Marvin Zalman
Professor Of Criminal Justice, Wayne State University
Key Findings
- Some issues not addressed by the innocence paradigm need to be considered to better understand and deal with wrongful convictions.
- Police investigation should be incorporated into the correlates of wrongful conviction that should be considered by innocence advocates and scholars.
- Reasons for investigative failures that may lead to wrongful convictions include issues of funding, workloads, professional status, accountability structures and cultures of police investigators and their departments.

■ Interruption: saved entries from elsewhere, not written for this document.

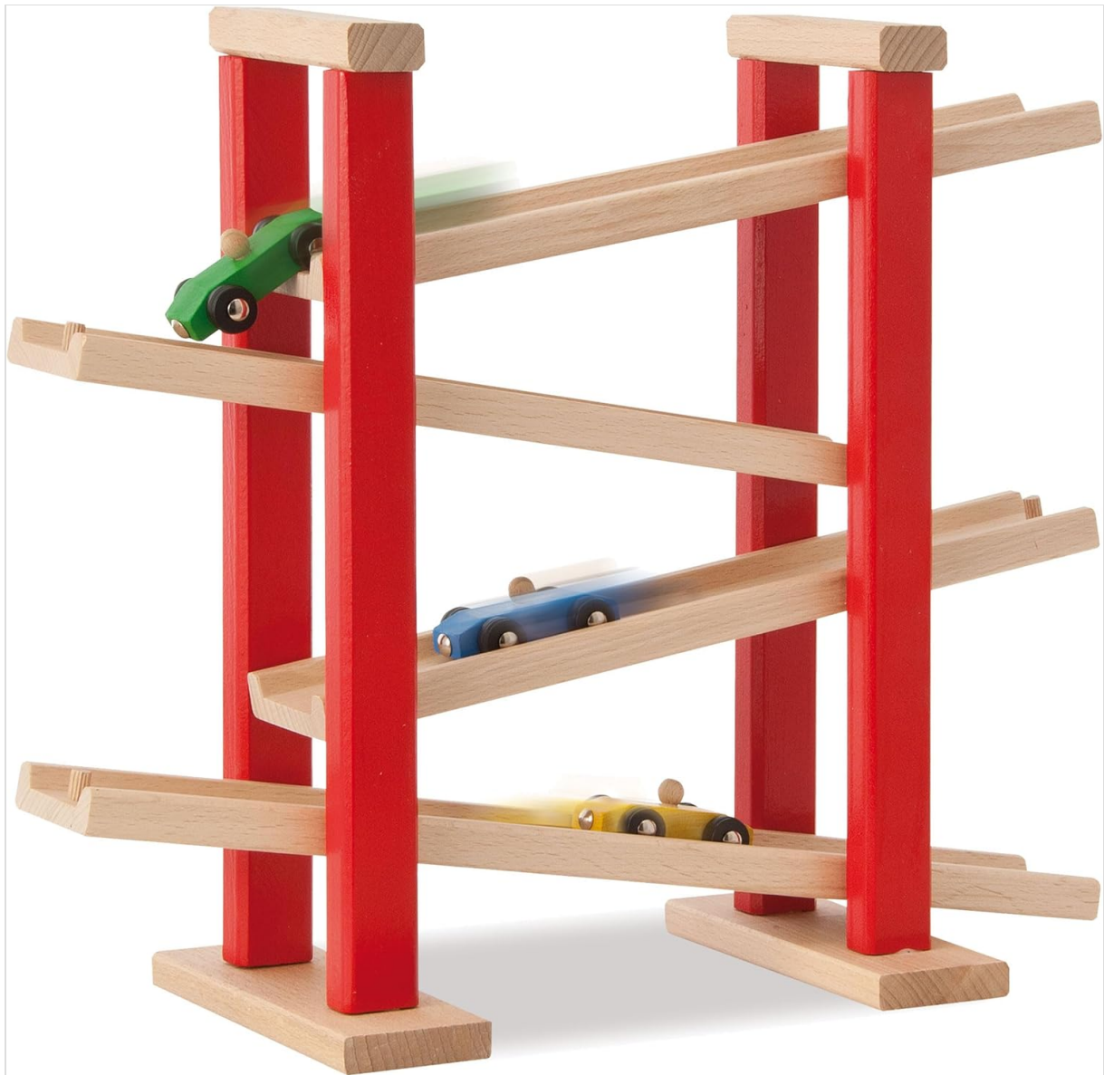
Image: The Eichhorn Car Racing Track with four wooden cars in motion on its four levels.
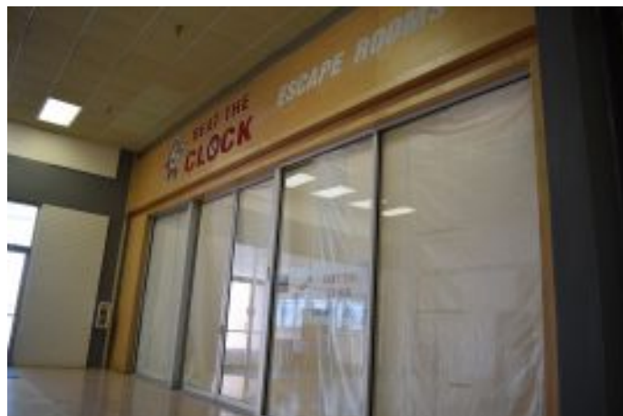
Construction is nearly complete on a new Escape Room business located at Titusville Mall, inside the former Hallmark store. Slated to open at the end of July, businesses and schools are already inquiring about field trips and team-building sessions they would like to plan at the attraction.
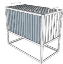
COLEASER PACK (OPTIONAL)
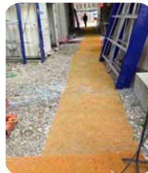
Stays in Place Over Harsh Terrain
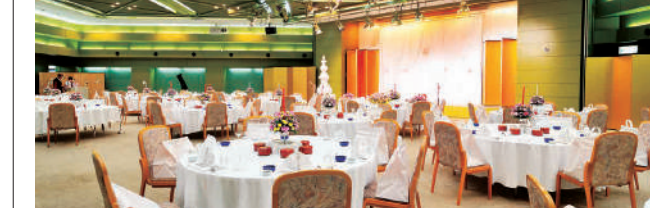
中会議室(本館4F) Medium Meeting Room (Main Building 4F)
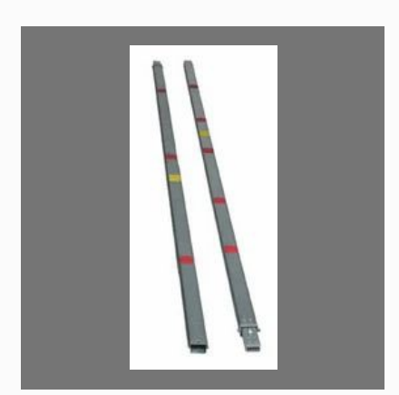
Busbar Trunking System
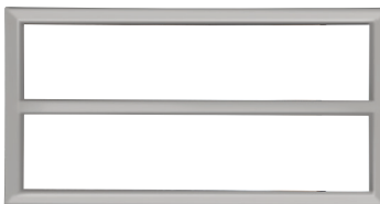
STAINLESS STEEL WALL BRACKET/PAIR P 52 x H 27 cm Ref. 5.70.012

- The risk of leaving the innocence paradigm as is, and not considering other issues, is a stagnation that retards needed action to improve justice processes that generate inaccurate verdicts.
Description
Expanding Wrongful Analysis to Include Police Investigation,” Zalman and Larson explore the correlates and causes of wrongful convictions, advocate that the correlates include the entirety of the police investigation and discuss how causation is and should be addressed in innocence advocacy and scholarship. The authors note that there are many reasons for investigative failures that may lead to wrongful convictions, including issues of funding, workloads, professional status, accountability structures and cultures of police investigators and their departments. Rather than building on existing studies that seek to improve verdict accuracy by correcting specific criminal justice and legal process errors, Zalman and Larson seek to view the entirety of police investigation as a potential course of wrongful convictions by focusing on whether investigators may fail to discover that the crime was committed by a serial criminal and not the suspect, who does not fit the serial criminal profile. The authors analyze a batch of wrongful conviction cases that originated with serial offenders’ crimes and conclude that innocence activists and scholars focus on crime investigation in its entirety, and not just its parts, and conclude that the risk of leaving the innocence paradigm as is, and not considering other issues, is a stagnation that retards needed action to improve justice processes that generate inaccurate verdicts.